There were many more. He’d been an investigative journalist for more than forty years.

He smiled to himself at that thought: his journalism professor — the J-School at University of Missouri — had given him a failing mark for writing, “He had been a professor for over ten years.”

“Mr. Fitzhugh. It should be ‘more than.’ When you have individual items, the adverbial phrase is ‘more than’; when you have a single quantity, ‘over’ is proper. ‘He did well over the course of his tenure as professor.’ Though I would recast the sentence to say, ‘During his tenure as professor, he did well.’”

Ah, the battles we writers fight... All in the name of helping our readers best understand what we’re saying to them.
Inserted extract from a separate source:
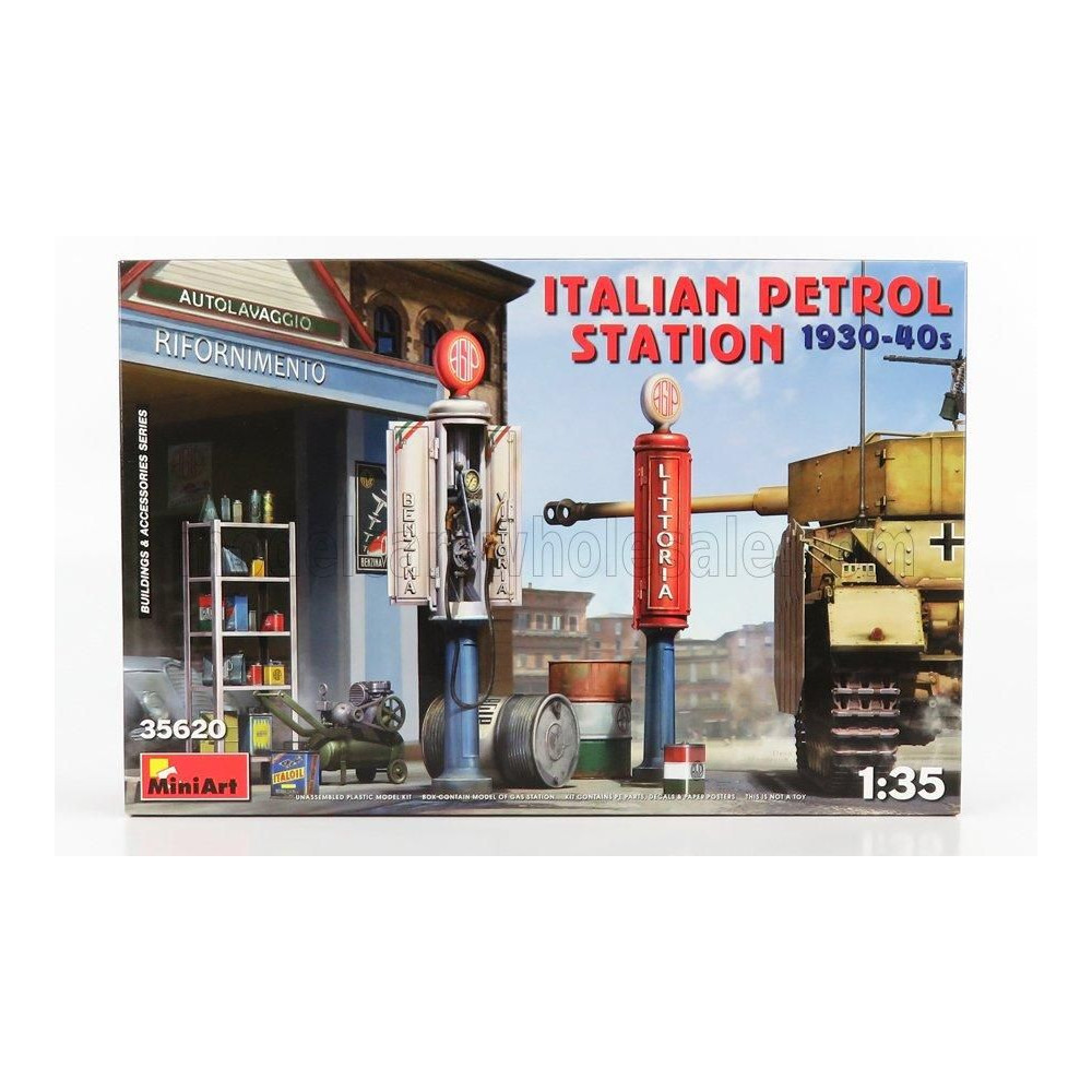 MINIART DIORAMA GARAGE STAZIONE DI SERVIZIO - ITALIAN PETROL STATION 1930-40-es évek 1/35

Now, let’s look at what makes you tick, Mr. Gravedigger. What is your why ?

He opened Jen’s bag and extracted his notes, spread them out on the desk before him. To a bulletin board next to his desk he pinned the chart he’d created earlier, when he was exploring his publicity theory.

Stories around the Time and Place of the Gravedigger’s Kidnappings

Kidnapping One — Shana Evans

● Domestic batteries and one parental domestic abduction.

● Gang shootout, bystander killed in cross fire.

● Food processing plant investigation — salmonella outbreak.

● Four robberies, all drug related.

● Graffiti on synagogue; LGBTQ activist assaulted; hate crimes.

● Serial killer preying on prostitutes (MO was different from the Gravedigger’s).